Die Software generiert sogenannte Lua-Skripte, die plattformübergreifend auf Windows, Linux und macOS funktionieren. Je nach System durchsucht PromptLock lokale Dateien, analysiert sie und entscheidet anhand vorher festgelegter Textbefehle, ob Daten verschlüsselt oder ausgespäht werden. Eine Funktion zur Zerstörung von Dateien ist offenbar bereits vorbereitet, aber noch nicht aktiv.

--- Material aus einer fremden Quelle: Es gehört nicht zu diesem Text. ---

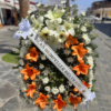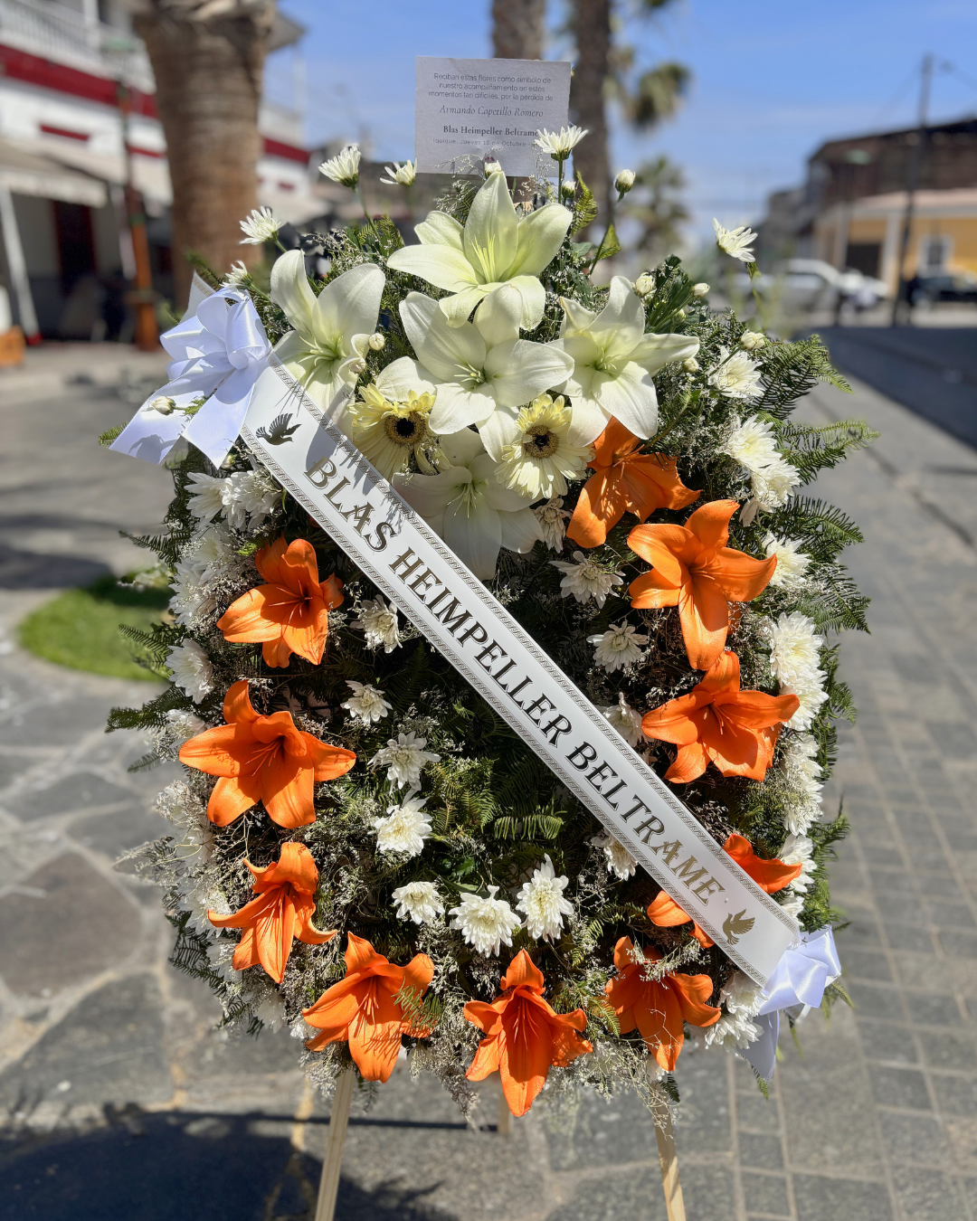Un diseño armonioso que combina la vitalidad de los liliums naranjas con la serenidad de los liliums blancos. Esta composición de gran altura ofrece un equilibrio perfecto entre la gratitud por los momentos vividos y el respeto profundo, creando un ambiente de paz y cercanía para honrar una memoria especial.

Für die Verschlüsselung verwendet PromptLock den SPECK-Algorithmus mit 128 Bit. Geschrieben wurde die Schadsoftware in der Programmiersprache Golang. Erste Varianten sind auf der Analyseplattform VirusTotal aufgetaucht. Zwar geht ESET derzeit davon aus, dass es sich um ein Proof-of-Concept handelt – also um eine Art Machbarkeitsstudie – doch die Gefahr sei real und beschreibt das Aufkommen von Werkzeugen wie PromptLock als eine bedeutende Veränderung in der Cyber-Bedrohungslandschaft. 

Die Software nutzt laut ESET ein frei verfügbares Sprachmodell, das lokal über eine API angesteuert wird. Die KI erstellt die Angriffsskripte also direkt auf dem infizierten Rechner – ohne Verbindung zur Cloud. Selbst die Bitcoin-Adresse für die Erpressung ist im Prompt eingebaut.